Les dispositions de l’OMC à Genève : Une véritable rupture ou le business-as-Usual ?

Genève | 17 juin 2022 | Premières réactions de La Via Campesina aux résultats du MC12 de l’OMC


Contrairement aux déclarations publiques de l’Organisation mondiale du commerce (OMC) – les dirigeant.es paysan.nes de La Via Campesina, qui sont à Genève cette semaine pour se mobiliser contre la 12ème réunion ministérielle, insistent sur le fait que l’organisme commercial n’apporte aucune réponse sur les questions les plus urgentes auxquelles sont confrontés les petit.es producteur.trices alimentaires ruraux et urbains du monde entier. Les résultats de la réunion ministérielle sont à la fois alarmants et décevants. Le compromis fait à Genève ne répond pas aux multiples crises telles que l’inflation, la hausse des prix, la faim et le réchauffement climatique.

Nos allié.es et les membres de la société civile qui ont suivi les négociations de l’intérieur nous ont informés que le processus menant à la déclaration publiée le dernier (et le plus long) jour de la réunion ministérielle était opaque et honteux. Le texte final aurait été fourni à la dernière minute, ne laissant aucune chance aux délégations diplomatiques nationales de fournir des commentaires ou des contributions de fond.

Depuis près de neuf ans, l’OMC traîne les pieds sur la question des “stocks publics à des fins de sécurité alimentaire”. Malgré les pressions exercées par plusieurs pays en développement, l’organe commercial n’a pas pris de décision à ce sujet lors de la 12e réunion ministérielle. Il est également décevant de constater qu’en dépit de la rhétorique publique, les pays en développement qui avaient des propositions concrètes à faire à cet égard ont relâché la pression le dernier jour dans ce qui semble être une tentative de sauver l’institution d’un démantèlement définitif.

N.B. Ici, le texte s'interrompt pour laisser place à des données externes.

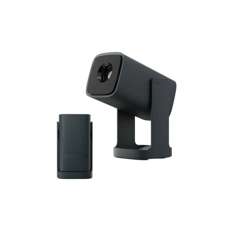 El exclusivo diseño Gimbal de 360° permite maniobrar libremente la lente en toda su extensión. Esto permite al proyector Cube 1 proyectar películas en una pared, en un ático inclinado o incluso en el techo, lo que favorece una visualización cómoda mientras se está tumbado. Este mecanismo también sirve para proteger la cámara (cuando está plegada) durante el transporte. Este diseño facilita la colocación de la montura sin necesidad de trípodes o almohadillas adicionales.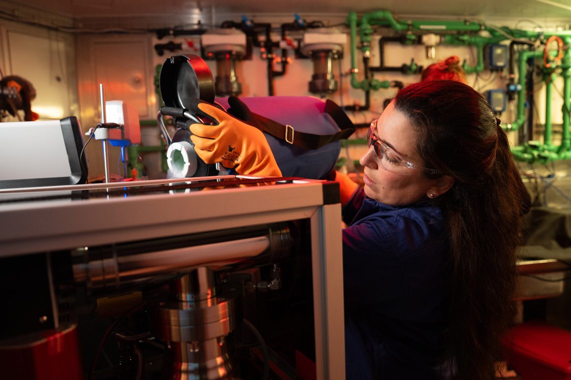 The first expedition, Animals as Living Bioreactors, in January-February was led by Dr. Anitra Ingalls of the University of Washington, U.S., and collected data in waters far off the east coast of South America, from Argentina to Brazil. The team studied the digestive systems of fish, jellies, and other animals that undertake the world’s largest migration, swimming every night from the depths to feed at the surface, then returning to the deep before daybreak to evade predators. Billions of animals perform this daily migration, and scientists do not yet fully understand the role they play in carbon export to the deep.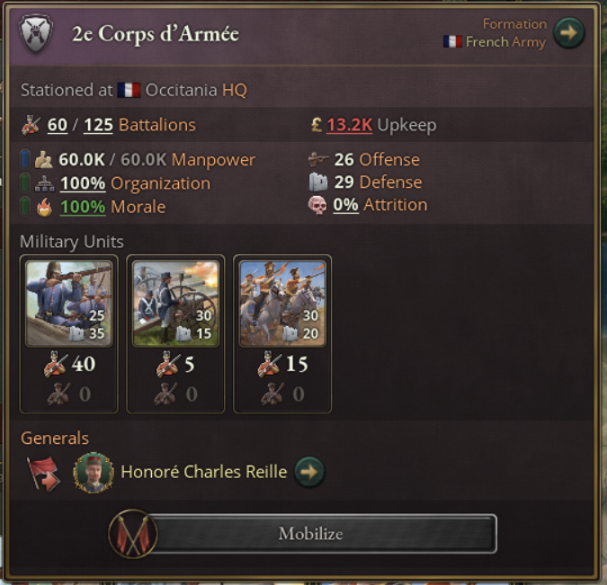What we’re doing now instead is making organization a drifting value, meaning that when an important commander dies, the target is set to say 40 but it will take a while to go down from 100. Enough time for you to hire or promote a new general in their place.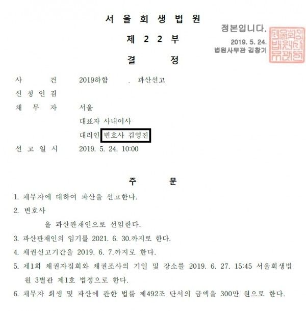 2. 파산선고일 : 2019.05.24. 10:00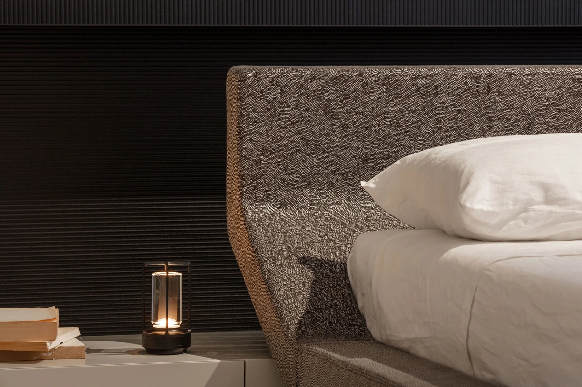 In the bedroom, extreme visual uniformity characterizes the iconic Lipla bed designed by Jean Marie Massaud for Porro in 2005, with a vibrant contemporary feel. The dynamism of its lines is accentuated by the black Backhausen fabric with a dense white dotted decoration. The back unit acts as a base for the Turn lamp by Nao Tamura for Ambientec.
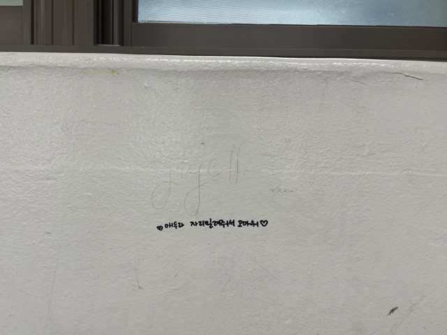 운동장에도 잠깐 앉아보시고, 주변에 중학생 애기들이 한 낙서도 읽어보면 재밌어요.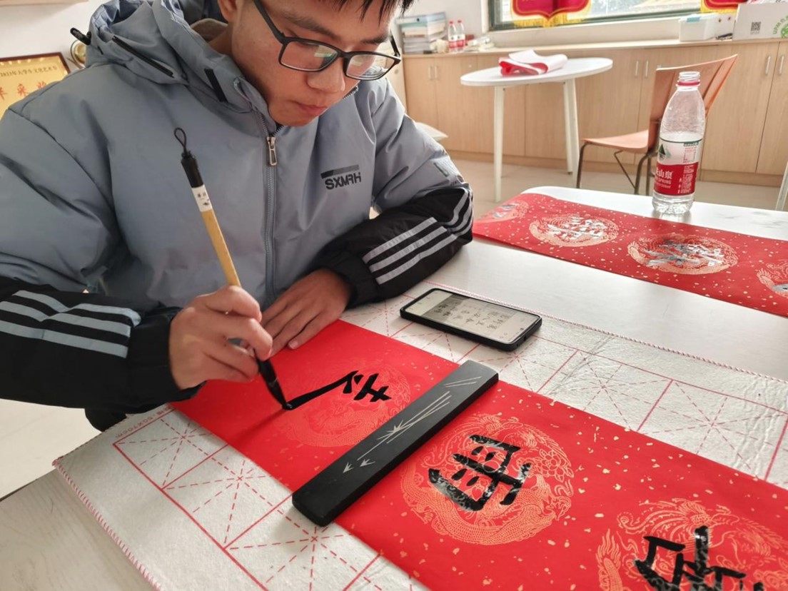 活动期间,参赛同学们在红纸上挥洒浓墨,隶书的有折无转、楷书的齐而不拘、草书的笔画连绵、行书的悠游流转,在汉字的结构与线条之美中传递出了浓郁的元旦祝福。参赛同学们纷纷表示,在书写对联的过程中,他们将对新春的美好祝福汇于手中,跃于纸上。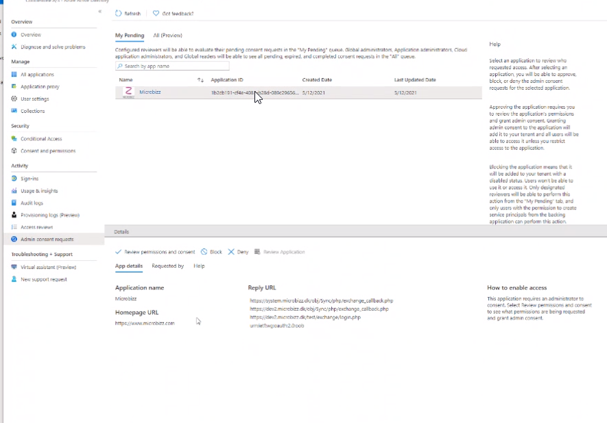 In the pending approval screen shown above, select Microbizz and then select "Review permission and consent" in the lower part of the screen. This will allow any user from this tenant access to the Microbizz synchronization using modern login. The users who originally made the request will have to go through the setup procedure again, but this time they will be lead straight through.

Pire, les pays ont signé une déclaration qui “se résout à renforcer le système commercial multilatéral actuel avec l’OMC à sa tête.

Trois décennies de pression abusive de l’OMC en faveur de la déréglementation, de la privatisation et des politiques de marché libre ont anéanti les économies rurales, les marchés paysans locaux et la souveraineté alimentaire de nos territoires. Pourtant, les nations membres insistent pour continuer à faire comme si de rien n’était, avec l’OMC au centre !

En fait, les perturbations et le chaos créés par la pandémie et les guerres n’ont fait que rendre plus évidente la nécessité de la souveraineté alimentaire dans nos territoires. Le compromis fait à Genève par l’OMC n’offre rien à cet égard ; au lieu de cela, il répète la rhétorique consistant à considérer toute forme d’intervention de l’État en faveur des paysan.nes comme ” source de distorsion pour le commerce mondial “.

Le changement climatique, qui constitue à ce stade une crise existentielle pour toutes les formes de vie et qui n’a fait qu’être aggravé par les exploitations agricoles industrielles et les chaînes d’approvisionnement alimentaire industrielles, trouve une mention timide dans le dernier paragraphe de la déclaration générale de l’OMC.

Alors, quelle est exactement l’avancée ici ? Apparemment aucune.

Dans les jours à venir, La Via Campesina publiera une analyse détaillée pour prouver que le compromis fait à Genève par l’OMC en 2022, présenté comme un succès historique, n’est qu’une tentative pour sauver l’Organisation Mondiale du Commerce de l’extinction. Nous appelons nos membres et allié.es à rester attentifs à l’évolution de la situation et à se méfier des titres trompeurs des médias qui visent à créer une illusion de succès.

La Via Campesina insiste sur le fait que l’OMC doit rester en dehors de toutes les questions alimentaires et agricoles. Les Etats doivent sortir de l’OMC et créer un cadre international alternatif pour l’agriculture et le commerce construit sur les principes de la Souveraineté Alimentaire et en cohérence avec la Déclaration des Nations Unies sur les Droits des Paysan.nes (UNDROP) et d’autres instruments de droits humains.

La Via Campesina continuera à lutter contre l’OMC et les accords de libre-échange, pour la souveraineté alimentaire et les droits des paysan.nes.